---------- Data records ----------

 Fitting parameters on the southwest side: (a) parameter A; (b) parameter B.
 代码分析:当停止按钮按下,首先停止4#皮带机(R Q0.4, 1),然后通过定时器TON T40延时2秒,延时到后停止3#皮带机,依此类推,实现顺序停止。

----------
---------- Data records ----------

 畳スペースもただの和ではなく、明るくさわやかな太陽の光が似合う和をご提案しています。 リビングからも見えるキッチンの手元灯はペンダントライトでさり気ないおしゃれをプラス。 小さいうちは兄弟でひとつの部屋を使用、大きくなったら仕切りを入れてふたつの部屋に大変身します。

----------

> _Work task_:
Beginning with the line above that contains "Fitting parameters on", copy each line exactly up to and including the line that contains "代码分析:当停止按钮按下,首先停止4#皮带机(R Q0.4, 1),然后通过定时器TON", and go no further.

> _Result of this exercise_:
 Fitting parameters on the southwest side: (a) parameter A; (b) parameter B.
 代码分析:当停止按钮按下,首先停止4#皮带机(R Q0.4, 1),然后通过定时器TON T40延时2秒,延时到后停止3#皮带机,依此类推,实现顺序停止。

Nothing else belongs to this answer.